Friday, May 24, 2013

The Agile Boulder

I recently guest posted on Jim Ewel's great blog, agilemarketing.net, about creating roadmaps for agile marketing,
a technique I advocate for to help reconcile the potential for fragmented agile marketing campaigns.

Afterwards, Jim and I were discussing the difficulties of transitioning to Agile and Agile marketing. He made the good point, that there seem to be two different approaches to the organizational change necessary to implement agile practices. You can either go all in, or you can try to ease your way in.

Going all in means, taking the time to get full buy in from the executives and hiring a coach to guide the transition.
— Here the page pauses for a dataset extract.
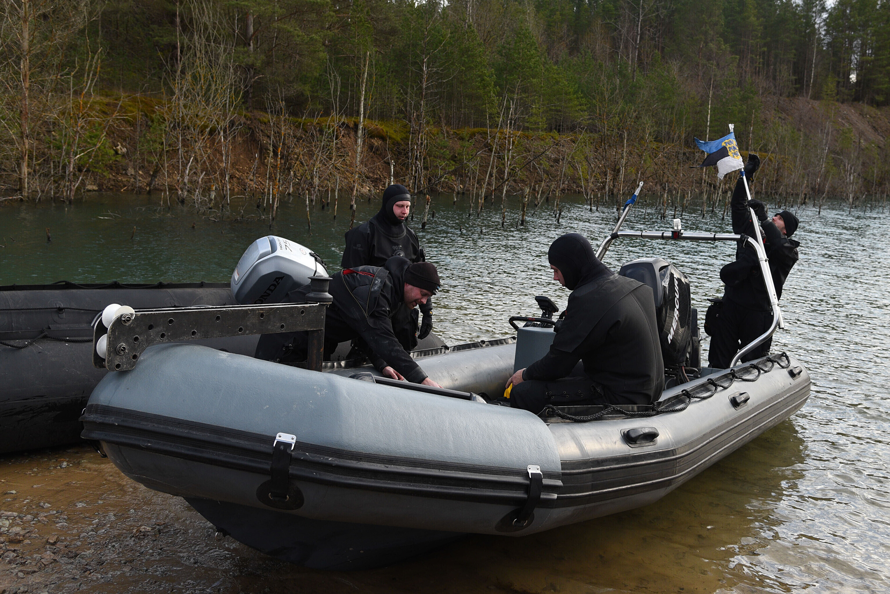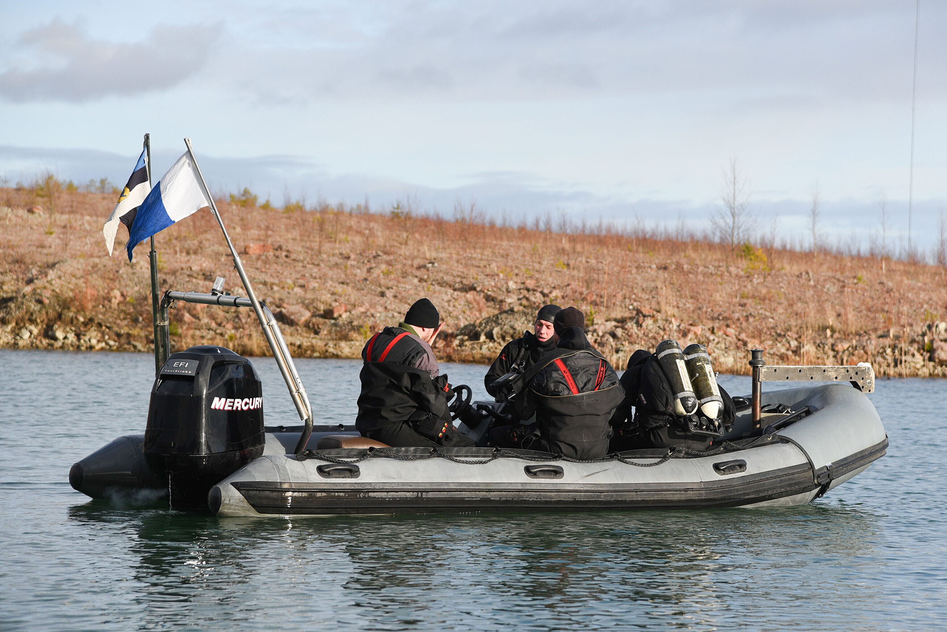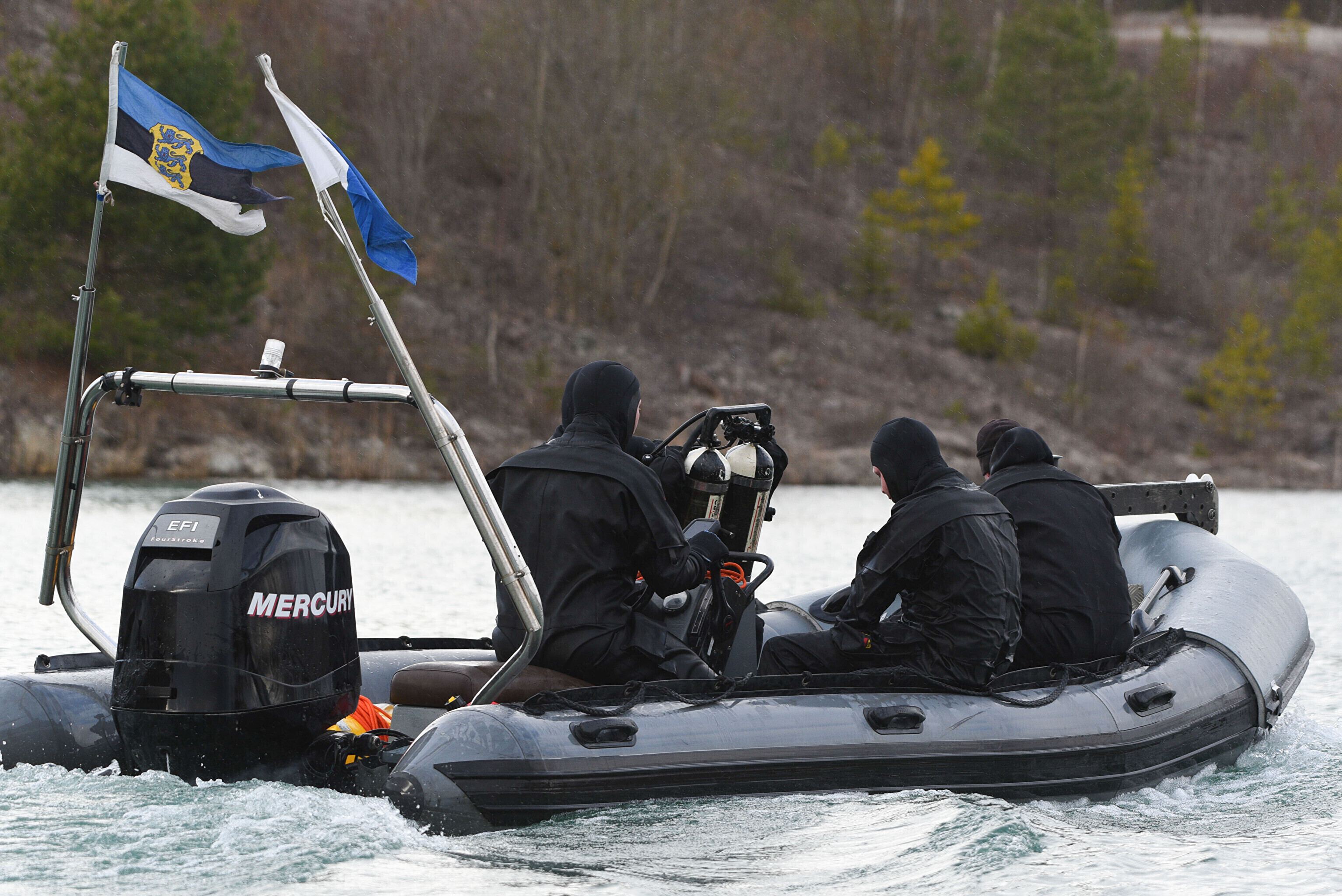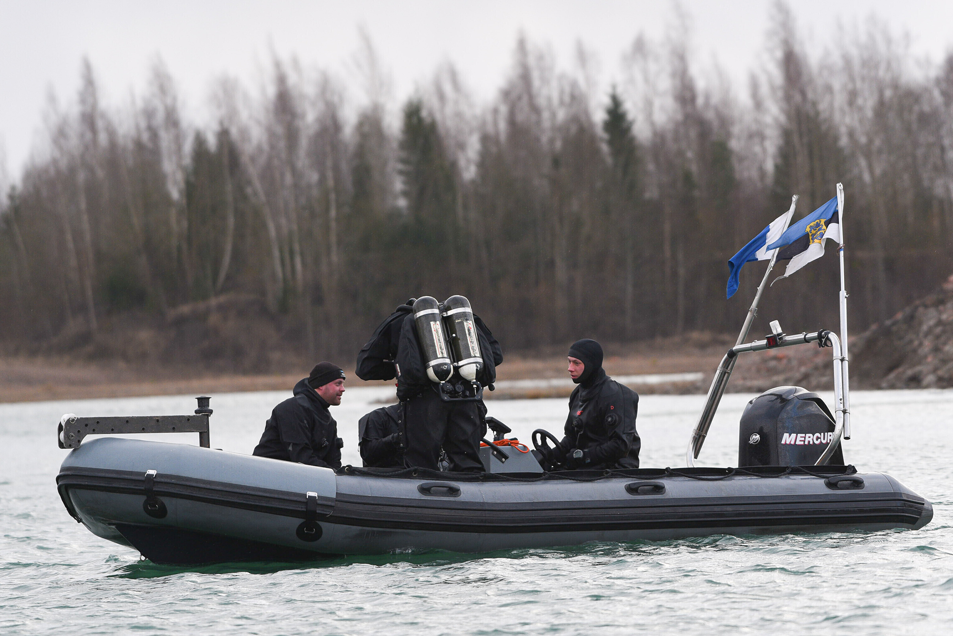 "Мы отрабатываем навигацию под водой с использованием ручного подводного эхолота. На дне установлена учебная мина. Водолазы ныряют, учатся обнаруживать ее и ориентируются с помощью навигации", – сказал руководитель группы водолазов ВМФ старший лейтенант Прийт Каазикмяэ.

The other option is to easy your way in. Don't even use the words "agile" or "sprint" and certainly don't post up a manifesto! Rather, introduce one practice at a time and slowly reveal a better way of doing things.

My previous transitional effort was very much an attempt to ease the organization slowly into Agile. That experience led me to believe that it can't work. My conversation with Jim has me seeing it differently.

Organizational change is like moving a boulder

Introducing agile practices will only work if the processes aren't counter to the current culture. If the culture is in place, you're at the top of the hill. Simply apply a gentle amount of pressure; the boulder will gain speed on its own. Without the culture, you're in the wrong valley.  Outside help will be needed to help you get to the top of the hill and down the other side.


Where are you now?

If your culture already shares elements with the agile mindset, you can probably go with "easy does it". What does this culture look like?

- Shared accountability for delivering high quality products on time
- A collaborative approach between different disciplines
- A relatively flat structure
- Willingness to be wrong
- Adaptability

If most of these cultural elements are already in place, the processes will fit more easily.  Daily stand up meetings, visual task management and retrospectives won't go against the grain.  This allows you to make some small changes, demonstrate some easy wins and gain trust, before loudly declaring "WE'RE DOING AGILE NOW"!

If the culture you see around you doesn't so much look like that, you're not just looking at process changes, you're looking at cultural changes and culture comes from the top. In this case, you're better to focus on executing effectively under the status quo, building trust and slowly selling management on a better way of doing things. In this instance, you can benefit from the large volume of literature. The fact that "Agile" is becoming a buzz word can actually be your friend.

In this case, hiring an outside consultant is probably what's required to signal to the team the intention to change how people interact. Outside energy (the right outside energy) can also inject some enthusiasm around the possibility of a better way of doing things.